Core Principle: Do not use reasoning models for translation. Reasoning models consume tokens for internal thought processes, making non-reasoning models more suitable for simple conversion tasks.

Monitoring and Operations

Health Check Endpoints

# arm1 agent
curl http://arm1:8081/health
# → {"status":"healthy","agent":"blog-agent","scheduler_jobs":2,"uptime_sec":...}

curl http://arm1:8081/status
# → {"scheduler":[{"name":"auto-translate","last_run":...},{"name":"post-generator","last_run":"2026-05-04"}]}

# ec1 Blog API
curl https://blog.example.com/api/health
# → {"status":"healthy","version":"2.0.0"}

Observability Points

Metric	Normal Range	Alert Condition
arm1 uptime	>0	Service Down
scheduler_jobs	2	≠ 2
Translation Sync	ko post count = en post count	Discrepancy occurs
Post Generation	1 post daily	No posts for over 24 hours

Lessons Learned and Operational Tips

1. The Pitfall of Reasoning Models

It’s often not explicitly stated in documentation that max_tokens combines reasoning and content. If you get an empty response, check the finish_reason—if it’s "length", it indicates insufficient token budget.

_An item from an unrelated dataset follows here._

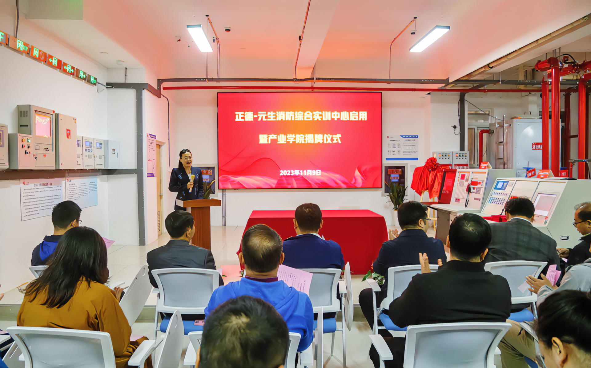 正德-元生消防综合实训中心启用暨产业学院揭牌标志着我院“产教一体、校企一体”育人模式的成功实践,后期校企双方将在建筑消防专业建设、人才培养、技术研发、技能竞赛等方面开展深度合作,为建筑消防行业输送高素质管理人才。

2. Value of the OpenAI-Compatible Pattern

When switching translation providers from ZAI to Gemini, the code change was just one line for the base URL. Abstracting to an OpenAI-compatible interface from the start dramatically reduces LLM replacement costs.

3. Constraints of Date Prefix Matching

In the YYYY-MM-DD-NNN pattern, if two or more posts share the same date and number, translation matching will break. The PostGenerator must include logic to check the last number for that date and increment it when generating new posts.

4. Benefits of Process Consolidation

Consolidating three independent services into one resulted in:

State Sharing (LLM clients, configurations, API clients initialized only once)
Simplified Deployment (one systemd unit)
Easier Debugging (logs consolidated in one place)

Future Plans

Review the integration of arm1 agent’s LLM with Gemini.
Comment Quality Evaluation Pipeline (monitoring the appropriateness of auto-generated comments).
Automatic Translation Quality Verification (comparing with back-translation).
Expanding inter-agent collaboration through the AgentForge framework.

Blog automation aims not for “complete automation,” but for “minimal human intervention.” A structure where AI generates content, humans review it, and the system alerts operators to anomalies is the key to stable operation.